Anyway the point is that anything you do that reduced the amount of timing needed is good because it brings the engine closer to a ideal carnot cycle, meaning there is less pressure before TDC, and the engine has to do less work compressing burning gasses, and thus more power is produced.

Believe it or not, I have read journal articles from the 1920's of guys trying to make the engine run under detonation conditions, because it produces the most power/most efficiency. This is somthing my old man used to preach "best mileage under a light ping condition" I have seen this in my car. Multiple times. Give the car timing, car makes a best pass, pull the plugs and they have light peppering. Take the timing out and the car slows down, and the plugs are clean. This was in Volume 44 of Mechanical Engineer, Author Elmer Sperry, I have a PDF if anyone wants it.


Anyway, here are some references about what I have to say.
http://www.dsmtuners.com/forums/hangout/455161-uh-oh.html -

Post of mine talking about burn duration, timing and torque.
http://www.dsmtuners.com/forums/tuning-engine-management/462700-too-much-timing-hard-parts.html
 
Have you checked the rule book? I was talking to Dave W. about possibly doing this a while back when I was working on my front brakes and he said that by the rulebook, brakes are required on all 4 corners.

On this subject, I say removing rear brakes is a careless move. Especially in a stupid lightweight FWD car that's trapping 120+ mph. There's no weight in the rear and could definitely result in loss of control. If you want to take out more weight, save your coins, and step to the plate and buy a lightweight wilwood brake kit. Or risk your life, and maybe someone else's for .05 on your 14b timeslip.

The first time I heard mention of thisROFL

I don't know that I agree with this. I feel that he is well below the threshold where a projected plug can cause knock.
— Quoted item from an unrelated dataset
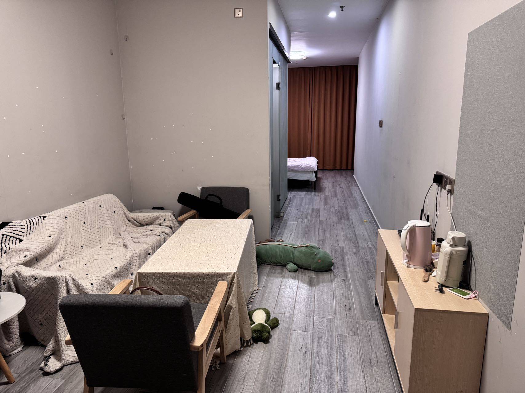 位置:东莞市寮步镇汽车城附近,公寓转租,户型为大单间,独立大阳台,空调、洗衣机、热水器、冰箱、智能门锁、沙发、衣柜、桌子等家具齐全。 房间有60平左右,押二付一,水4.91,电1.2,免费wifi,没有管理费,环境好,在附近上班走路十分钟左右,楼下和小区停车免费。还有9个月到期,无任何中介费用,有想法的可私聊随时看房。

What I do know is that the switch to a non projected plug required about 3* more timing on my car. That is indicative of it starting the fire close to the edge of the chamber, and slowing down the flame propagation. That WILL hurt power. I don't know how much, but it does. I also know that closing the gap, effectively retards the timing, as it excites less molecules. So once again it slows down the initial flame speed. I think I've seen this on my car, but it's hard to do enough back to back testing to be sure. Anyway I'd have the most protected plugs I could find, and the widest gap you can run. Your at the point every little bit counts.

Anyway the point is that anything you do that reduced the amount of timing needed is good because it brings the engine closer to a ideal carnot cycle, meaning there is less pressure before TDC, and the engine has to do less work compressing burning gasses, and thus more power is produced.

Believe it or not, I have read journal articles from the 1920's of guys trying to make the engine run under detonation conditions, because it produces the most power/most efficiency. This is somthing my old man used to preach "best mileage under a light ping condition" I have seen this in my car. Multiple times. Give the car timing, car makes a best pass, pull the plugs and they have light peppering. Take the timing out and the car slows down, and the plugs are clean. This was in Volume 44 of Mechanical Engineer, Author Elmer Sperry, I have a PDF if anyone wants it.

Very interesting stuff.
 
The first time I heard mention of this

The rumor is that it's the same guy who is known to run ceramic wheel bearings to shave a tenth... (no clue if there's any truth to it, just heard it from the interwebz)

I've also heard of people pulling their calipers and compressing the pistons so the pads don't have any drag on the rotors. Then don't touch the brakes during staging/launch. Would REALLY want those last few hundredths to go that far, and you wouldn't be able to use the parking brake for burnouts or as a staging brake.